Macspectrum, the Democrats have Hillary Clinton, Wesley Clark, John Edwards, Tom Dasshle, Joe Biden, Mark Warner, Evan Byah and even Al Gore and John Kerry as possible contenders for the nomination. so it should prove interesting.


----------



## Dr.G. (Aug 4, 2001)

"i do think he might make a good vp candidate and then might get his shot after mccain". Macspectrum, I agree with you on this point.


----------



## MACSPECTRUM (Oct 31, 2002)

Dr.G. said:


> Macspectrum, the Democrats have Hillary Clinton, Wesley Clark, John Edwards, Tom Dasshle, Joe Biden, Mark Warner, Evan Byah and even Al Gore and John Kerry as possible contenders for the nomination. so it should prove interesting.


clark, edwards and gore had their shot and are politicaly dead
i only see clinton with the name recognition to even have a shot against mccain
if only she was a man she would be much more appealing to the american electorate

sad, but true


----------



## NBiBooker (Apr 3, 2004)

Dr.G. said:


> Macspectrum, the Democrats have Hillary Clinton, Wesley Clark, John Edwards, Tom Dasshle, Joe Biden, Mark Warner, Evan Byah and even Al Gore and John Kerry as possible contenders for the nomination. so it should prove interesting.

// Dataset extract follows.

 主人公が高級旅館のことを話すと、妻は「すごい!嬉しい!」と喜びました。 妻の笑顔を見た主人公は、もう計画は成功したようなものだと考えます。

Clinton - way to much baggage, also that plantation quote a few weeks ago was awful.

Edwards - possiblity. 

Daschle - No way. (Same with Biden, Gore and Kerry).

Never heard of Byah or Warner. 

I'd love to see Dean run


----------



## MACSPECTRUM (Oct 31, 2002)

the dean scream will follow him forever


----------



## Dr.G. (Aug 4, 2001)

Michael, re your comment "clark, edwards and gore had their shot and are politicaly dead", never say never. The same was said about Richard Nixon back in 1962.......and six years later the "new Nixon" emerged......and American really got bogged down in Vietnam for another 5 years.


----------



## Dr.G. (Aug 4, 2001)

NBB, Evan Bayh, was a two-term Governor and currently a second-term U.S. Senator from Indiana. His father, Birch Bayh, was a Senator from 1963 to 1981 and ran for the Democratic nomination for President in 1976, but lost it to Jimmy Carter. Mark Warner is the former Governor of Virginia, a truly "red state" except, oddly, for the governorship.


----------



## BigDL (Apr 16, 2003)

MissGulch said:


> If Harpo, er..., Harper is truly hideous, if he resembles Bush and the public wants him out, how soon can Canadians act to get rid of him?
> 
> What is the procedure? Does the parliament declare no confidence and call for a new election, as is done in the U.K.? Sorry for being such a dolt.
> 
> How I envy you! I wish we in the U.S. could yank Bush out of office by the ear. The constitution pretty much keeps him firmly in place.


MissGulch:

Returning to Canada , one aspect of political power in Canada not addressed so far in this tread is the distribution of power between Provincial Governments vs. the Federal Government.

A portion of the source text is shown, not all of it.